= Lo Tung-bin =

Taiwanese biochemist (1927–2019)

Lo Tung-bin (羅銅壁 (Luó Tóngbì, Lo T'ung-pi); 15 February 1927 – 13 May 2019), also known as T. B. Lo, was a Taiwanese biochemist. A pioneer in the research on proteins in Taiwan, he was elected an academician of Academia Sinica in 1986. He served as Dean of the College of Sciences of National Taiwan University and Vice President of Academia Sinica (1993–1996).

== Biography ==
Lo was born on 15 February 1927 in Puli, Nantou, Japanese Taiwan. After graduating from National Taiwan University (NTU), he studied at Tohoku University in Japan, earning his Ph.D. in chemistry in 1959.

Lo worked as an associate research fellow at the University of California, Berkeley, before returning to Taiwan to join the faculty of NTU. In 1972, on the invitation of Chien Shih-Liang, then president of Academia Sinica, he co-founded the Institute of Biological Chemistry, a joint venture of NTU and Academia Sinica, and served as its first director. Lo's teaching career teaching career at NTU spanned from 1964 to 1995.

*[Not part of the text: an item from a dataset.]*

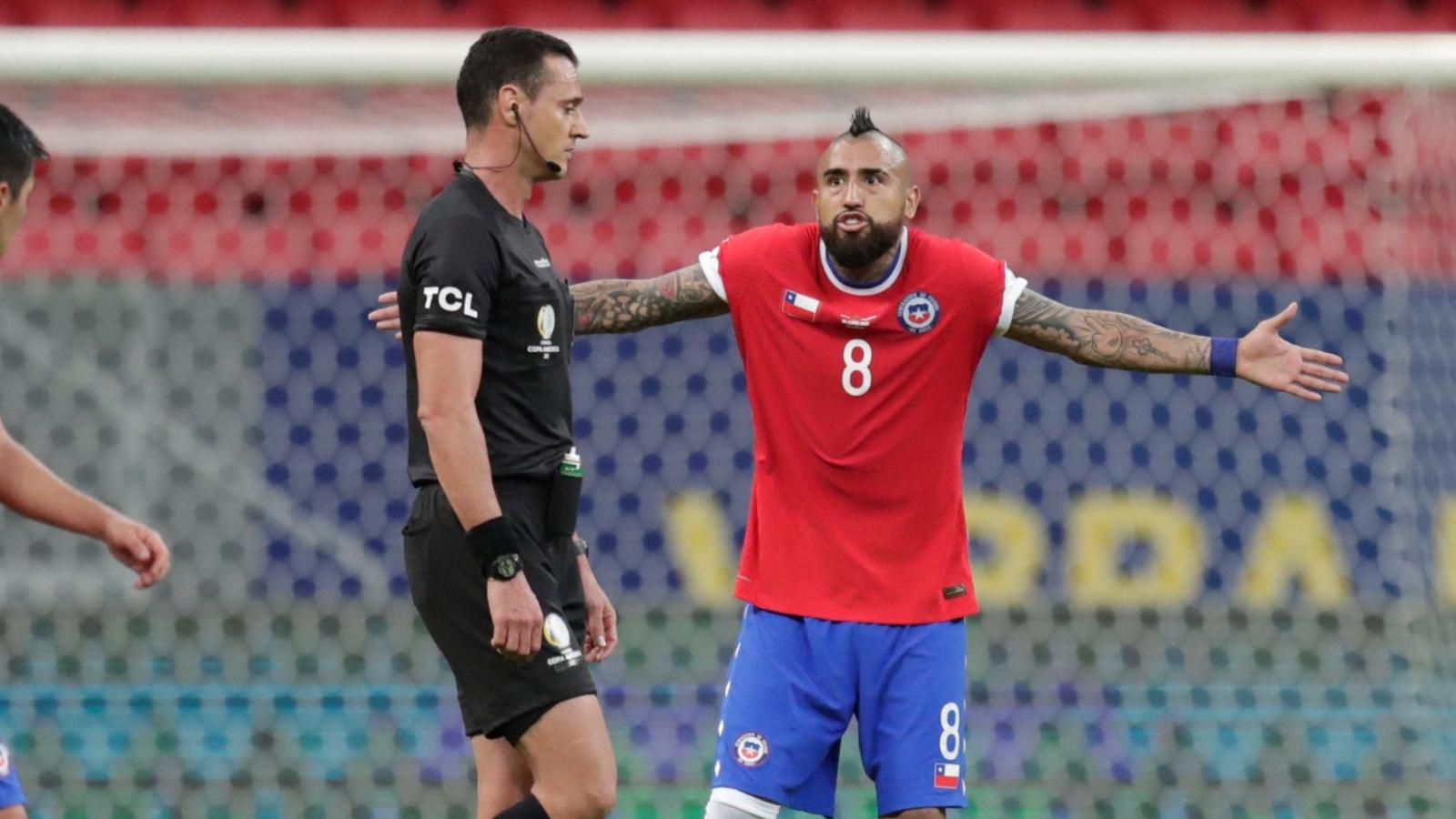 Tras un tiro de esquina, un jugador de Paraguay toca el balón con la mano, en la que todo Chile alegó penal inmediatamente. Arturo Vidal fue de los más insistentes, la repetición muestra el contacto con la mano del defensor paraguayo, pero Wilmer Roldán al igual que el VAR consideró que fue bajo un movimiento natural por lo tanto no sancionó la pena máxima.
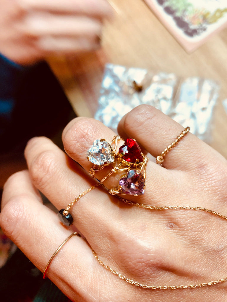 Jolie bague avec une pierre Swarovski en forme de coeur avec monture fine en gold filled.

A pioneer in the research on proteins in Taiwan, Lo was elected an academician of Academia Sinica in 1986. From 1978 to 1990 he served as Dean of the College of Sciences and then Dean of Academic Affairs at NTU. From 1993 to 1996, he served as Vice President of Academia Sinica. In January 2016, his memoir was published by the Institute of Modern History of Academia Sinica.

Lo died on 13 May 2019 in Taipei, at the age of 92.